ARTIKEL 19 Kantoor
19.1 Bestemmingsomschrijving
De voor 'Kantoor' aangewezen gronden zijn bestemd voor:
kantoren;
ter plaatse van de aanduiding ‘bedrijfswoning’ tevens voor een bedrijfswoning;
met daarbij behorend(e):
verhardingen;
parkeren, met dien verstande dat ter plaatse van de aanduiding ‘parkeerterrein uitgesloten’ geen parkeren is toegestaan;
groen;
water en waterhuishoudkundige voorzieningen;
nutsvoorzieningen.
19.2 Bouwregels
19.2.1. Voor het bouwen van gebouwen gelden de volgende bepalingen:
gebouwen dienen binnen een bouwvlak te worden gebouwd;
ter plaatse van de aanduiding 'maximale goot-, bouwhoogte (m) en maximum bebouwingspercentage (%)’ zijn de aangegeven maximale goot- en bouwhoogte en maximum bebouwingspercentage toegestaan;
ter plaatse van de aanduiding ‘maximale bouwhoogte (m) en maximum bebouwingspercentage (%)’ zijn de aangegeven maximale bouwhoogte en maximum bebouwingspercentage toegestaan;
uitsluitend ter plaatse van de aanduiding ‘bedrijfswoning’ is een bedrijfswoning toegestaan.

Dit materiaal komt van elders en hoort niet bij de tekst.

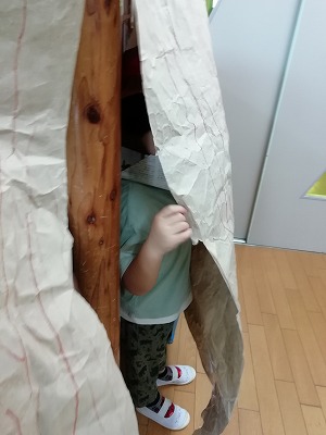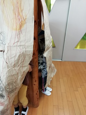 園に来る荷物に入っていた緩衝用の紙がとても長かったので、クレヨンで木の模様を描き、部屋の柱につけて隠れ場所を作りました。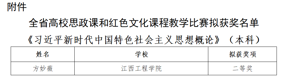 近日,江西省教育厅发布了《关于全省高校思政课和红色文化课程教学比赛结果的公示》,根据公示名单,公司全球最大顶级体育平台教师方妙薇荣获《习近平新时代中国特色社会主义思想概论》课(本科组)二等奖。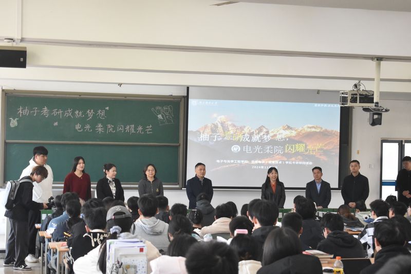 随后在教4-400分会场活动同样进行得如火如荼。分会场由校党委副书记蒋国平、电光柔院党委书记黄丽亚、学院党委副书记、副院长徐磊和2025届毕业班辅导员们送上最亲切的问候与祝福。蒋书记从考研方面,依次从政治、英语、数学、专业课四个方面,给同学们分享学习经验,鼓励大家要勇敢面对困难,坚持到底就是胜利。在蒋书记的带动下,现场气氛热烈而激昂,同学们纷纷表示将以更加坚定的信念迎接考研的挑战。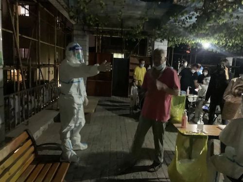 大連市僑聯組織機關黨員和弘僑義工站800多名義工,下沉到社區抗疫一線,配合開展卡口檢查、核酸檢測、消毒消殺等工作。

19.2.2. Voor het bouwen van bouwwerken, geen gebouwen zijnde gelden de volgende bepalingen:
de hoogte van overige erf- en terreinafscheidingen mag niet meer zijn dan 2 meter, met dien verstande dat de bouwhoogte van erf- en terreinafscheidingen vóór de voorgevel van het hoofdgebouw niet meer mag zijn dan 1 meter;
de hoogte van de overige bouwwerken, geen gebouwen zijnde, mag niet meer zijn dan 6 meter.

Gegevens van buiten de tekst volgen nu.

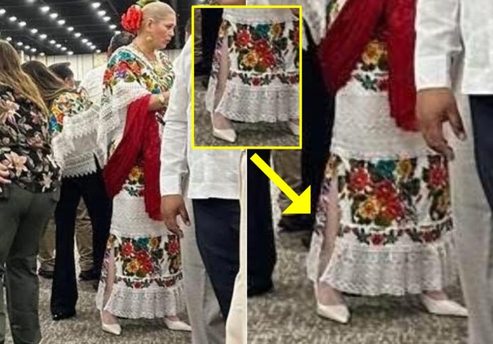 MÉRIDA, Yucatán, martes 20/01/26.- ¿Demasiado huira? ¿bastante caballona o demasiado hombruna? Como sea… el caso es que la senadora Verónica Camino Farjat, más conocida como #MissTraición, le dio en la madre al tradicional terno yucateco.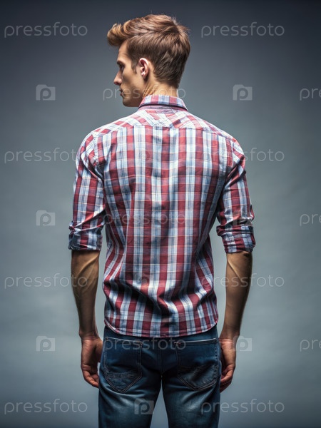 Молодой человек в красно-синей платовой рубашке стоит спиной к камере

19.3 Afwijken van de bouwregels
Burgemeester en wethouders kunnen met een omgevingsvergunning afwijken van het bepaalde in 19.2.1. onder a en toestaan dat gebouwen buiten het bouwvlak worden gebouwd, met dien verstande dat:
de omvang per gebouw niet meer mag zijn dan 20 m²;
de goothoogte niet meer mag zijn dan 3 meter en de bouwhoogte niet meer mag zijn dan 5 meter.